Graphics industry people will think in terms of points, or ems, which are even more complex to
handle than points, because the sizes corresponding to pixels are not intuitive. It is probably
better to learn sizes in percentages—roughly six percentage points per pixel. The only trickiness
is in the smaller sizes; larger than 100% it becomes less critical.
Gecko limits the minimum size of type to x-small except under Mac OS X.

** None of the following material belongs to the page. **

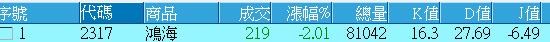 使用相同參數(9,3,3), 以2026/12/21 鴻海為例,計算KD值

Opera has its own quirks, where xx-small and x-small are the same size and several sizes, 56%,
62%, 68%, 106%, 112%, and 118%, are smaller than with MSIE and Gecko. Opera is apparently truncating
instead of rounding the conversion of percentages to pixels. That means that the correct percentages
to use for these sizes are 57%, 63%, 69%, 107%, 113%, and 119% in order to keep sizes consistent
across browsers. Opera rounds ems, as do MSIE and Gecko under Windows. MSIE under OS X (does anyone
use it any more?) is similar to Opera, but with some added quirks I haven't taken the time
to analyze.
Safari apparently can't do arithetic, since it thinks that 50% of 16 pixels is 9 pixels
and therefore equivalent to 56% and 57%.
The sizes of 17px/13pt/106%/107% may look a little strange in Verdana because they're on the
transition between a single pixel to a multiple pixel representation of the line weight of
the characters, at least in some browsers. Other typefaces may have similar issues;
that's part of the cost of working in a digital, rather than analogue, world.
I prefer an Alternate Scalable technique. It does not display
the above quirks except that xx-small and x-small are still the same size in Opera.